Picture of Paco Nathan
Paco Nathan
9/04/2015 18:17 BST

Definitely not Java :)

In my experience, the choice between Scala or Python depends mostly on the nature of the organizations that you intend to be working in…

Scala has numerous advantages, and use of Spark does not require Scala in depth; however writing extensions to Spark likely will. It is commonly more about engineering for distributed systems infrastructure.

Python is rapidly becoming the preferred language for organizations involved in Data Science work. With Spark, Python is inherently slower than Scala, in terms of what groups of CPUs are going, but in practice faster than Scala in terms of what teams of people are doing to surface insights from data at scale.

Deepak Vadithala
9/04/2015 12:03 BST

Thank you Paco. That will be helpful. I’ll register today and look forward attending Spark Camp.
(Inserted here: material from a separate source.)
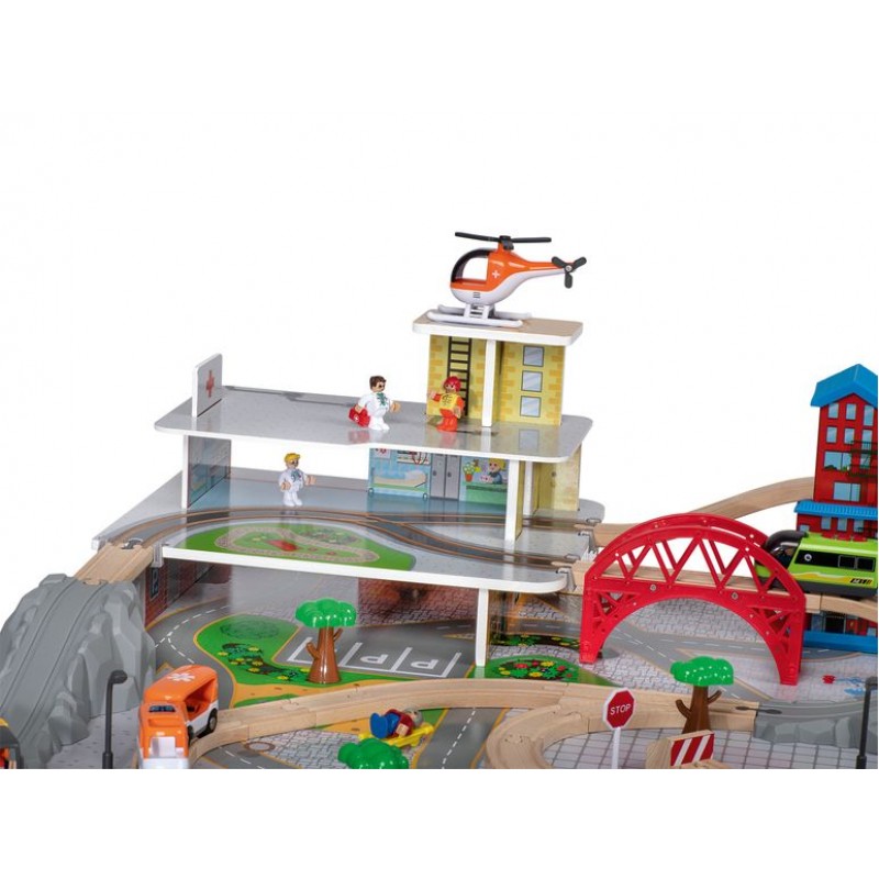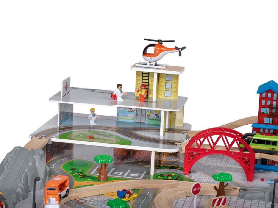Set trenulete cu baterie cu sunete si lumini garaj masinute si trenulete cu 3 nivele Heliport Station

On separate note, if I need to embrace Spark as a beginner. What do I need to pick up – Scala, Python or Java? I mean – does either of them have big advantage? I wanted to pick up right language as I’m beginning anyway.

Picture of Paco Nathan
Paco Nathan
9/04/2015 3:22 BST

Hi Deepak,

Definitely. The code examples in Python or Scala can be mostly cut&paste if needed. Of course, for those with more coding experience feel free to explore in more detail. We also provide many examples in terms of SQL, which sounds like it would be more toward your background? Hope to see you at Spark Camp!


Deepak Vadithala
8/04/2015 18:13 BST

Hi – I’m very keen to attend Spark Camp but I don’t have Python, Java or Scala skills. I’m come from DB & C# background. Do you still think I can get something from this course? Thanks in advance.


Picture of Paco Nathan
Paco Nathan
31/03/2015 20:04 BST

Hi Elina,

Having some coding experience in Python or Scala will help, and SQL as well. We do not need any advanced features in either language, and frankly there will be many examples that allow for cut&paste. Use of cloud-based notebooks is particularly good for that. The point is more about how to conceptualize typical problems and use Spark to solve them.

We will probably have R support generally available in Spark and the notebooks by the time of Strata EU. I cannot promise it, but that’s going into Spark now and will be a game-changer.

Picture of Elina Jeskanen
Elina Jeskanen
31/03/2015 12:05 BST

What is are the pre requirements to be able to follow Spark Camp? Should one know python or is R sufficient? The purpose would be to learn how to use R on Spark for statistical modeling.